Low Earth Orbit, an area of outer space around Earth that encloses all orbits below 2000 km, is the home of the International Space Station and of other thousands of satellites. Satellites don’t last forever. Eventually, they stop working. However, when this happens they do not magically disappear or fall back to earth. These objects remain in their orbit, moving at incredible speeds.

Matter in orbit travels at ridiculously high speeds (22,000km/h). If this matter were to travel in the same plane and direction indefinitely, it would be impossible for any matter to collide, like cars going straight on a highway at the same speed, never endeavoring to switch lanes or get off on an exit. But in space, uncontrolled objects do not follow a straight path. Instead, each piece of debris is subject to drift and decay. The variation in Earth’s gravitation field causes drift, or the gradual movement of an object to a different orbital plane. The friction of an object with Earth’s atmosphere causes decay, or the slow decrease in an object’s altitude.

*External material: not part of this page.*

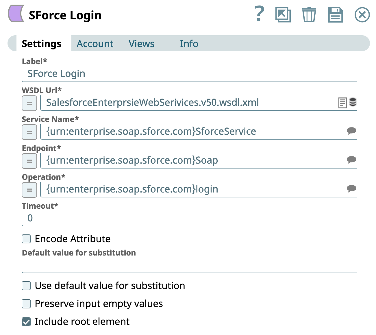 Let us take an example where we are making a call to the login operation for Salesforce's SOAP API (WSDL).

Back in 2017, there was a lot of talk about how the Indian Space Research Organization (ISRO) set a world record by launching no fewer than 104 satellites from a single rocket! With this bold move, the ISRO smashed the previous record held by Russia, which launched 37 satellites in a single mission back in 2014. The logical question is, of course, what happens when there are just too many satellites in the orbit? Impacts and collisions.

The Kessler Syndrome:

The Kessler Syndrome is a theory proposed by NASA scientist Donald J. Kessler in 1978, used to describe a self-sustaining cascading collision of space debris in LEO. Kessler published a paper in 1978 called the “Collision Frequency of Artificial Satellites:  The Creation of a Debris Belt” which predicted that, by 2000, the density of space debris in Earth’s orbit would be so great that random collisions would be inevitable, and that the outcome of these random collisions would be more debris, and subsequently more collisions. At that point, any entering satellite would face unprecedented risks of headfirst bombardment.

Kessler’s paper was significant because it emphasized the imminent danger of small debris in orbit as well as the inevitably of additional debris produced from collisions with catalogued objects. The orbital-debris problem is a classic tragedy of the commons problem, but on a global scale.

Effects of the Kessler Syndrome:

The Kessler Syndrome is bad news because impacts between objects of sizable mass can cause significant damage to ‘useful’ objects that are present in LEO. Not only that, but the resulting debris cascade could also make it extremely difficult to launch satellites in the LEO in a way that they wouldn’t be hit by flying debris. Finally, the long-term viability of new satellites in the LEO would become decidedly low.

There’s no doubt about it, a cascading collision of satellites in orbit would definitely affect life on Earth, by disrupting global communication, limit globalization and undermine military intelligence. 

Magnitude of problem:

Earth’s orbit is getting increasingly crowded with an estimated 500,000 pieces of space debris up to 10 cm long, more than 21,000 pieces of debris longer than 10 cm, and more than 100 million pieces of space debris smaller than 1 cm, according to NASA. That’s a lot to keep track of, and orbital debris researchers around the globe are doing the best they can to model and measure potential collisions.

Indian ASAT test controversy:

India's ASAT test represents an escalation toward space warfare and also heightens the risk that humanity could lose access to crucial regions of the space around Earth. That's because destroying the satellite created debris that' was floating in space. Those pieces had the potential to collide with, damage, and possibly destroy other spacecraft. This is worrisome for a global society increasingly reliant on space-based infrastructure to make calls, get online, find the most efficient route home via GPS, and more. The ultimate fear was a space-access nightmare called a "Kessler syndrome" event.

Strategy to tackle space debris problem:

The first thing is to reduce or stop unnecessary harmful activities. Kessler suggested the best way to avoid the exponential growth of the collisions was to reduce the number of non-operational spacecraft left in orbit. The only effective long-term means of stabilizing the space debris environment at a safe level is through the removal of mass (five to ten large objects per year) from regions with high object densities and long orbital lifetimes.

Several methods have been proposed to take care of the thousands of fragments orbiting Earth, like lasers, tugs, drag enhancement devices, momentum exchange tethers, and more, and the 2010 National Space Policy of the United States directed NASA and the Department of Defense to pursue additional research efforts to remove debris. Unfortunately, the cost and complexity – not to mention legal concerns – have so far prevented the proposals from becoming reality.

International treaties, cost, and complexity have prevented any significant effort to remove debris. The Kessler Syndrome is a very real threat. Pollution is a problem that follows humans everywhere we go, even in space. We can only hope that action to mitigate the dangers of pollution in space will happen quickly enough to prevent disaster.